Women parliamentarians played an active role in the lawmaking process by submitting 12 private member bills (six singly and six jointly with their colleagues). These bills focused of issues pertaining to governance, human rights, democracy and political development. Similarly, women parliamentarians, singly, submitted 20 resolutions, 14 calling attention notices, 1,383 questions, 22 motions under rule 259 and raised 64 points of order during the reporting period.
The on-floor performance of women parliamentarians is based upon FAFEN data (June, 2013 till March, 2014) gathered from direct observation of the NA proceedings.
Women members occupy one-fifth of the National Assembly’s seats. Currently, there are total of 340 members – 60 on reserved seats, eight through direct elections and one on minority reserved seat. As many as 68 women legislators actively participated in the parliamentary proceedings either by submitting agenda on Orders of the Day or taking part in the on-floor details.
Overall women tabled 12 legislations – six singly and six jointly collaborating with their male colleagues. Half of the resolutions tabled in the nine sessions (44 of total 88) were sponsored by women MNAs – 20 singly and 24 jointly. Women were active in conducting oversight of government ministries and departments by submitting 1,383 questions and 54 calling attention notices (CANs) on the agenda.
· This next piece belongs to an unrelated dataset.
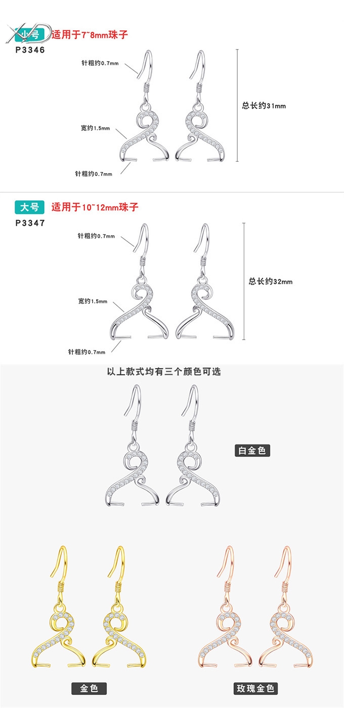 P3347玫瑰金色夹10-12mm珠子*2.2g

To hold discussions on public issues, they submitted 25 motions (under Rule 259).
During the reporting period, women parliamentarians sponsored nearly half of the resolutions tabled in the assembly – 44 of total 88 – either singly or jointly with their male and female colleagues. Similarly, they submitted 25 motions under rule 259, of which 20 were submitted singly by female parliamentarians, two jointly with other female colleagues and three with male legislators of the assembly.
In terms of executive oversight, fourteen calling attention notices were solely submitted by women parliamentarians, while 40 notices were jointly tabled with their male counterparts. Similarly, during the Question Hour, female parliamentarian’s contributed a fair share in by submitting 40% (1,383) of the total questions – 3,428, in the House. Belum Husnain (129) and Nafeesa Inayatullah Khan Khattak (103) asked the most number of questions.
Besides their on-floor performance, women MPAs are also active in running government affairs with some ministerial portfolio assigned to women MNAs. State Ministry for National Health Services, Regulations and Coordination, and Information Technology are assigned to women MNAs. Similarly, the Parliamentary Secretaries for Interior and Narcotics Control and Petroleum and Natural Resources are women MNAs while the Standing Committee on Information, Broadcasting and National Heritage is also being chaired by a woman.
Pakistan is ranked better in terms of women representation in prime legislative houses. According to a recent report by the Inter-Parliamentary Union (IPU) on the comparison of representation of women parliamentarians in lower houses in various countries, Pakistan ranks at 66 – a higher proportion than some of its regional neighbors such as Bangladesh (ranked 71), India (ranked 108) and Sri Lanka (ranked 130). Though, 18 women were directly elected in the last 13th National Assembly, it has decreased to eight for the current National Assembly. Pakistan Peoples’ Party Parliamentarian (PPPP) has won five direct women seats and Pakistan Muslim League-Nawaz (PML-N) three.